It is worth noting that our attacker assumptions of the access to the training dataset and control over the training and inference processes, are consistent with existing research on backdoor attacks in diffusion models [1, 2, 3] and data exfiltration [4, 5].
-
Motivation for the Attack
Regarding your concern about the practicality of the attack, particularly why an insider might choose to execute a backdoor attack rather than directly downloading the training data, we would like to clarify the following. In many environments, direct access to training data may be restricted due to organizational policies or technical constraints, such as data being transmitted remotely or stored in secure, controlled-access locations. These limitations make it difficult for an insider to obtain the data directly. Moreover, downloading training data often leaves detectable traces in system logs, which could raise alarms and expose the insider's actions. In contrast, our proposed backdoor attack provides a more covert method of data extraction, significantly reducing the likelihood of detection. This makes it an appealing option for insiders who prioritize stealth and wish to evade monitoring systems.
We also agree with the scenario you proposed, where an insider aims to harm the company's interests by compromising the model's privacy-preserving nature. This perspective complements the motivations described in our paper. We will expand the revised version to explicitly highlight that the attack can also serve as a means of causing reputational damage, further enriching the threat model and its implications.
We hope that this additional context helps clarify the broader applicability and motivations behind the attack. We strongly believe that the proposed backdoor attack addresses an important and emerging threat in deep learning and privacy-preserving systems, where model integrity is increasingly at risk.
[1] VillanDiffusion: A Unified Backdoor Attack Framework for Diffusion Models, NeurIPS’23.

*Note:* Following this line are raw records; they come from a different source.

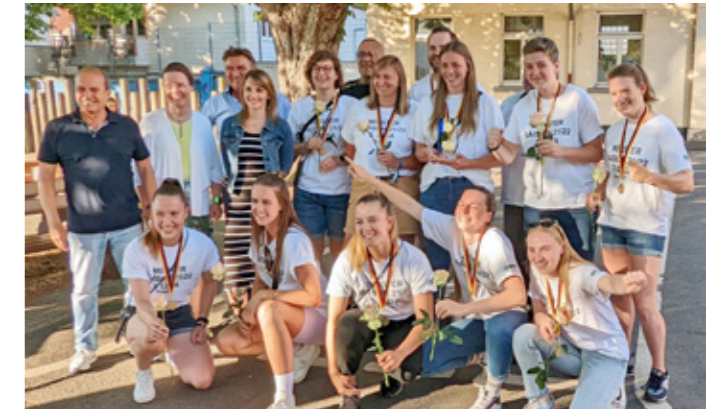
Beste Laune beim SportlerInnen-Empfang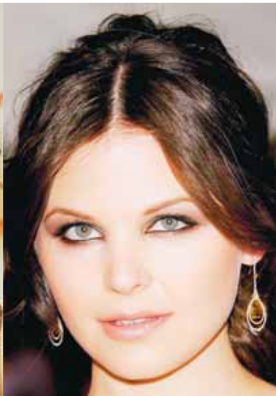
Virkilega elegant með fallega kvöldförðun og hárið í hnút.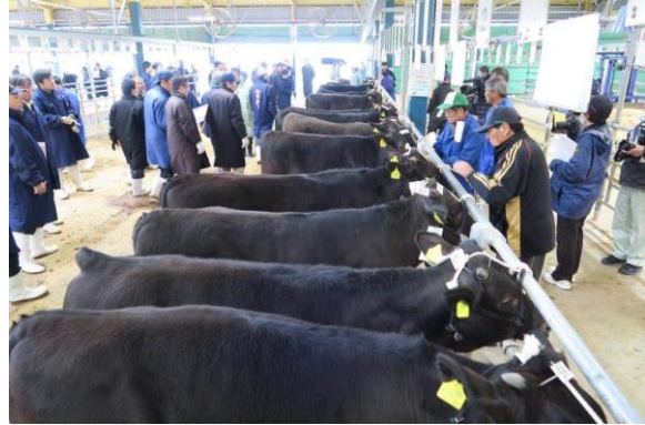
候補牛の審査風景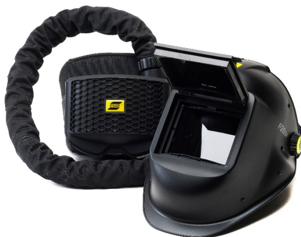
F20 Air с ESAB PAPR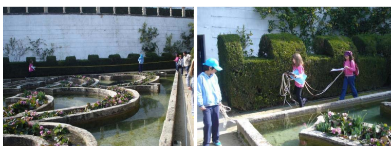
Figuras 4 e 5 – Medição dos lados do Jardim Alagado

Foi notório o envolvimento de todos os elementos dos grupos na realização desta tarefa. Nas figuras 4 e 5, observa-se um grupo a medir um dos lados do Jardim Alagado e a transportar a fita de decâmetro.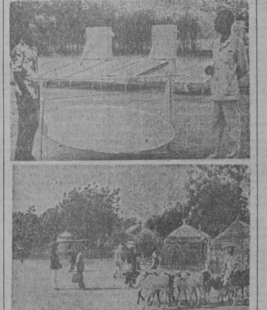
Республика Нигер расположена в центре Африки. Большую часть ее территории занимает пустыня Сахара.

Эта преимущественно аграрная страна в последние годы приобрела особую известность благодаря своим огромным запасам уранового сырья.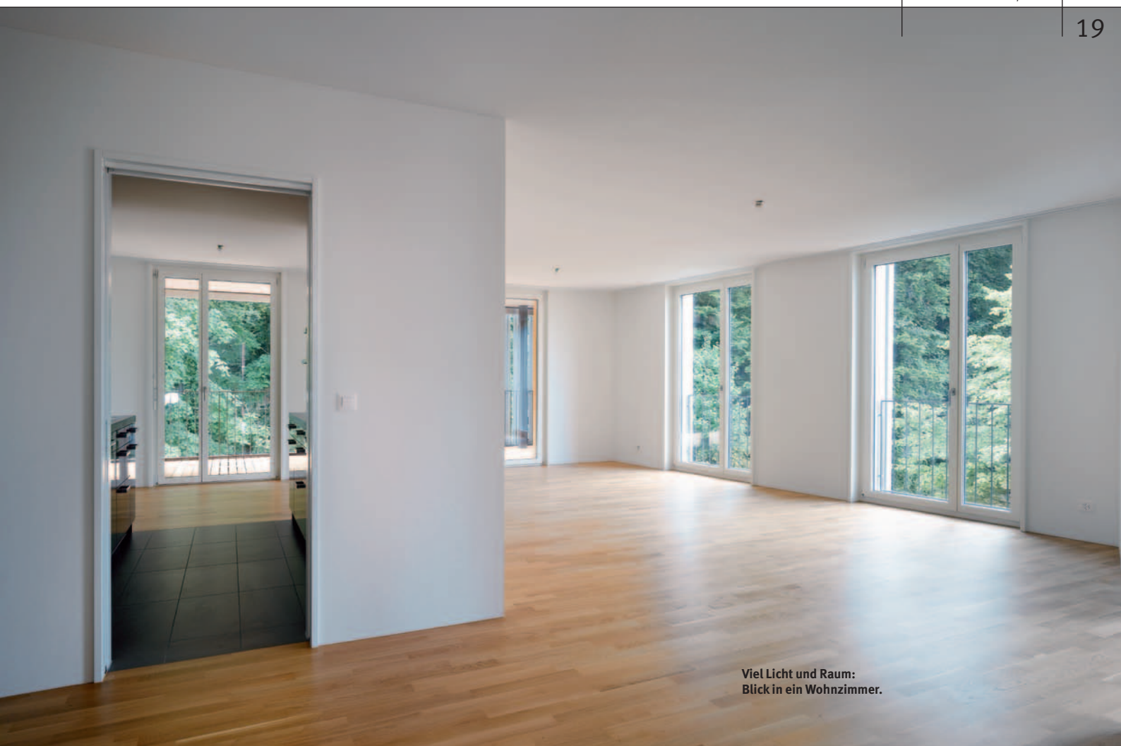
Viel Licht und Raum: Blick in ein Wohnzimmer.

kleiden die Fassaden. Verschiebbare Alu-Lamellenelemente vor den Fenstern bilden dazu einen Kontrast. Sie dienen als Sicht- und Sonnenschutz, sorgen aber auch für ein ständig wechselndes Fassadenbild – und blitzen wunderbar in der Sonne. Die Loggien sind mit Lärchenholz ausgekleidet, was ihnen viel Gemütlichkeit und Intimität verleiht. Kein Wunder, dass mancher Bewohner den privaten Aussenraum gar mit Bildern schmückt.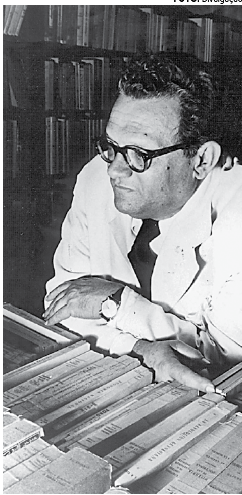
O intelectual brasileiro José Lins do Rego

O objetivo do Seminário de Estudos Literários é possibilitar a realização de um simpósio acadêmico e científico sobre a vida e obra de José Lins do Rego (1901 - 1957), discutindo questões relacionadas a diversas áreas, a exemplo da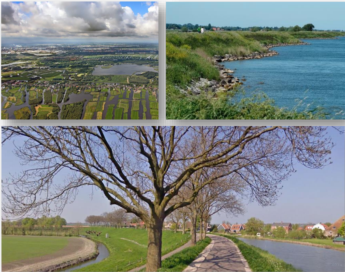
Figuur 4 Rijk aanbod aan landschapstypen

Het aanbod van het gevarieerde landschap en vergezichten, de rijke natuur en verrassende Zuiderzee stadjes,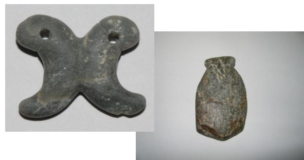
博労町遺跡の石製品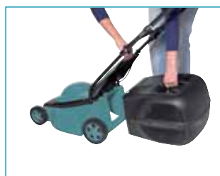
Könnyen kezelhető fűgyűjtő kosár

A vágómagasságot ezeken a modelleken is a keréknél lehet beállítani.

[2] How to backdoor diffusion models?, CVPR’23.
[3] Trojdiff: Trojan attacks on diffusion models with diverse targets, CVPR’23.
[4] Stealing Your Data from Compressed Machine Learning Models, ACM DAC’20.

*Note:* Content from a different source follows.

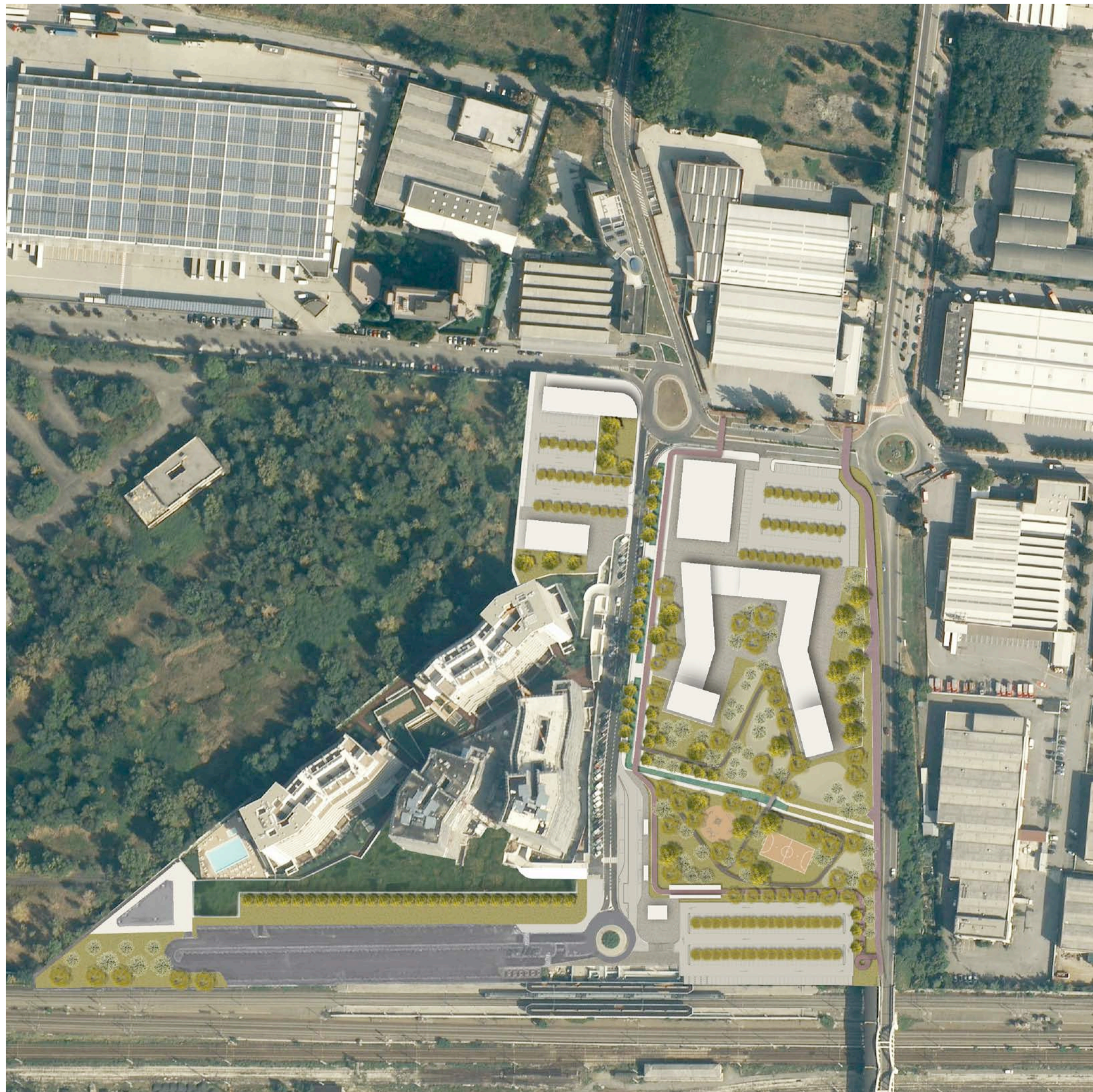
1 PLANIVOLUMETRICO 1:2000

[5] Transpose Attack: Stealing Datasets with Bidirectional Training, NDSS Symposium’24.
Thank you for your response, which has addressed most of my concerns. I'll thereby raise the overall rating to 6.
Here are still some suggestions. 1. I'm still not very convinced by the claim that says 'downloading training data often leaves detectable traces in system logs, which could raise alarms and expose the insider's actions'. I believe manipulating the training process will also leave such traceable clues for the inspectors. 2. You may clarify your motivation by proposing more specific examples.
Additionally, I agree with the author that the work "Extracting training data from diffusion models" by Carlini et al may not constitute a proper baseline, as it focuses on the natural capability of the diffusion model to unintentionally remember some of the training samples. However, I also agree with Reviewer Z4kF that a comparison to the simple prompting might be essential, as it can demonstrate that the proposed method can enhance privacy leakage, which may help highlight your contributions. While the comparison to other backdoor techniques in the paper shows the technical contribution of this work. It's better for both of them to be presented as baselines.
We sincerely appreciate the reviewer’s thoughtful feedback and decision in raising the score for our paper. Below, we provide further elaboration to address your concerns:
-
Reviewer Comment: manipulating the training process will also leave such traceable clues for the inspectors.
Response:
We acknowledge the reviewer's point that manipulating the training process could indeed leave traceable clues for inspectors. However, detecting such manipulations is not straightforward due to several key reasons:
-
Subtle Changes in Training Code: The modifications made during the training process to implant a backdoor are intentionally subtle and designed to blend seamlessly with normal operations. For example, our payload code for backdoor implantation involves simply adding the trigger embedding generated by TGF into the trigger batch alongside the normal batch during the training process. This approach avoids introducing any highly suspicious code (such as fixed trigger words) that could be easily detected by static analysis tools for code security like Snyk Code or Semgrep.
-
Bypassing Static Analysis Tools: When our code is potentially detectable by existing static analysis tools, we argue that it is feasible to leverage Large Language Models (LLMs) to evade vulnerability detection, as demonstrated in previous research [1,2]. For instance, CodeBreaker [2] have shown that models such as GPT-4 can reframe suspicious code to bypass both traditional and LLM-based detection methods, while retaining the payload's core vulnerable functionality.
[1] TrojanPuzzle: Covertly Poisoning Code-Suggestion Models, S&P 24.
[2] An LLM-Assisted Easy-to-Trigger Backdoor Attack on Code Completion Models: Injecting Disguised Vulnerabilities against Strong Detection, USENIX’24.
-
-
Reviewer Comment: comparison to the simple prompting might be essential.
Response: We appreciate the reviewer's suggestion regarding a comparison to simple prompting. While simple prompting may serve as a baseline for extracting images similar to the training data, it often requires significant computational effort. In future work, We aim to include more competitive and appropriate baselines in subsequent studies to ensure a fair comparison and achieve comparable performance.
The paper describes an attack that injects a backdoor into a diffusion model in order to extract both the image and text caption from the training data. The paper proceeds with describing a strong threat model and outlines a mechanism to train the diffusion model with multiple losses that both embed the attack and permit high utility of the resulting model. The results demonstrate high efficacy of the method compared to the baselines.
优点
- an attack targets both extraction of images and text which is novel.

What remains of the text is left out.